Это опять Андрюша. Иногда я не могу понять моего друга. Летчик, храбрый «ястребок», расстрелявший в воздушном бою нескольких фашистских асов, — ему ли думать о печальной участи тех, кто погиб. Кто-то же должен был погибнуть — на то война. И мы тоже могли погибнуть, он прежде всего, но не погибли. Значит, такова судьба. Главное — в том, что мы не купили себе жизнь ценой предательства. Наша совесть чиста, а если она чиста, то, как сказал нам генерал из миссии, Родина примет нас, как мать…
А строй идет, идет. Оркестр играет, играет.
О как я горд за нашу Победу. За этот строй, за четкий воинский шаг, за лихость офицеров и неприхотливость солдат. И конечно, за частичку этого целого — за моих друзей.
Пой песню, страна родная,
Страна мечтателей, страна героев!
Ведь это и о нас. В нашей «когорте» есть и мечтатели и герои — Андрюша, например. И ученые. И писатели есть. Вон, у самой трибуны, стоит с раскрытым блокнотом в руке и что-то быстро, увлеченно пишет Вася Кротков, которому капитан поручил сделать репортаж об этом знаменательном дне. И Вася старается. Круглое конопатое лицо в поту, лоб наморщен, нижнюю губу прикусил — и строчит, строчит. Кто-то его окликает, он отмахивается, как от слепня. В такую минуту к Васе лучше не подходить.

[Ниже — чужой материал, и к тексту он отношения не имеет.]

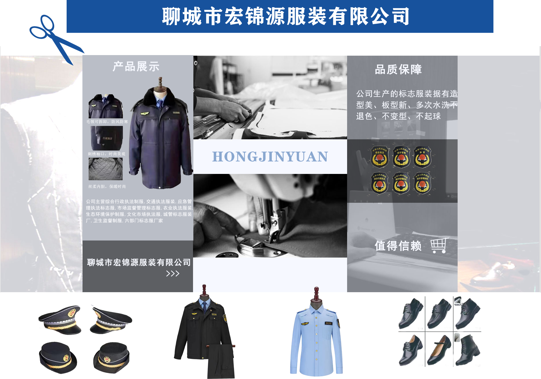聊城市宏錦源服裝有限公司位于江北水城—山東聊城,地理位置優(yōu)越,交通便利。公司主營綜合行政執(zhí)法制服,交通執(zhí)法服裝,應(yīng)急管理執(zhí)法標(biāo)志服,市場監(jiān)督管理標(biāo)志服,農(nóng)業(yè)執(zhí)法服裝,生態(tài)環(huán)境保護(hù)制服,文化市場執(zhí)法服,城管標(biāo)志服裝廠,衛(wèi)生監(jiān)督制服,六部門標(biāo)志服廠家等,值得信賴! 公司生產(chǎn)的標(biāo)志服裝據(jù)有造型美、板型新、多次水洗不退色、不變型、不起泡?! 罢J(rèn)真辦事,踏實(shí)做人”是宏錦源的企業(yè)精神,我們的宗旨是:“用服務(wù)與真誠來換取你的信任與支持,互惠互利,共創(chuàng)雙贏!”我公司愿與國內(nèi)外各界同仁志士竭誠合作,共創(chuàng)未來企業(yè)目標(biāo):在已選定的服飾領(lǐng)域中,成為行業(yè)的卓越者?! 〗?jīng)營理念:追求產(chǎn)品卓越,為用戶提供完美、高效的服務(wù)。...

Сам Вася — человек скромнейший, о себе почти не говорит, но земляки-владимирцы хорошо помнят его довоенные фельетоны и очерки, которыми, по их словам, зачитывались в городе. Для меня, кропавшего в то время лишь статейки в школьную стенгазету, Вася — признанный авторитет, что-то вроде метра.
А вот и вовсе знаменитость, столичный ученый. В лагере Володя Крюков помогал мне. Немцы зачислили его в огородную команду. Почему они кинули ему этот куш, никто из нас не знал — видно, прочли в его карточке, что он биолог, и решили потешиться. Обычно трофеев у него бывало меньше, чем у других «огородников»: пяток-другой облепленных землей картофелин или брюкв. Но и эта жалкая пожива делилась им среди тех, кто особенно нуждался в помощи. Перепадало и мне. По вечерам я с надеждой смотрел в дальний угол барака, где жили «огородники». Когда почти все в бараке засыпали, там начинался «пир». С печурки снимали котелок с вареной картошкой и несли на нары. В дело вступали ложки, по бараку распространялся теплый, духмяный, сытный запах. И всегда на фоне освещенного коптилкой рядна, которым был завешен угол, возникала, как на экране, непомерно высокая, тощая фигура с плоской крышкой от котелка в руках. К кому она сейчас направится? Вероятно, этим вопросом задавался не я один… Но как же я был счастлив, как благодарен Володе, когда он подходил ко мне и, осторожно тронув меня своими худыми длинными пальцами, виновато шептал: «Вот, возьми, пожалуйста. Больше, к сожалению, дать не могу, но это — моя доля». Мой добрый Паганель, он еще извинялся!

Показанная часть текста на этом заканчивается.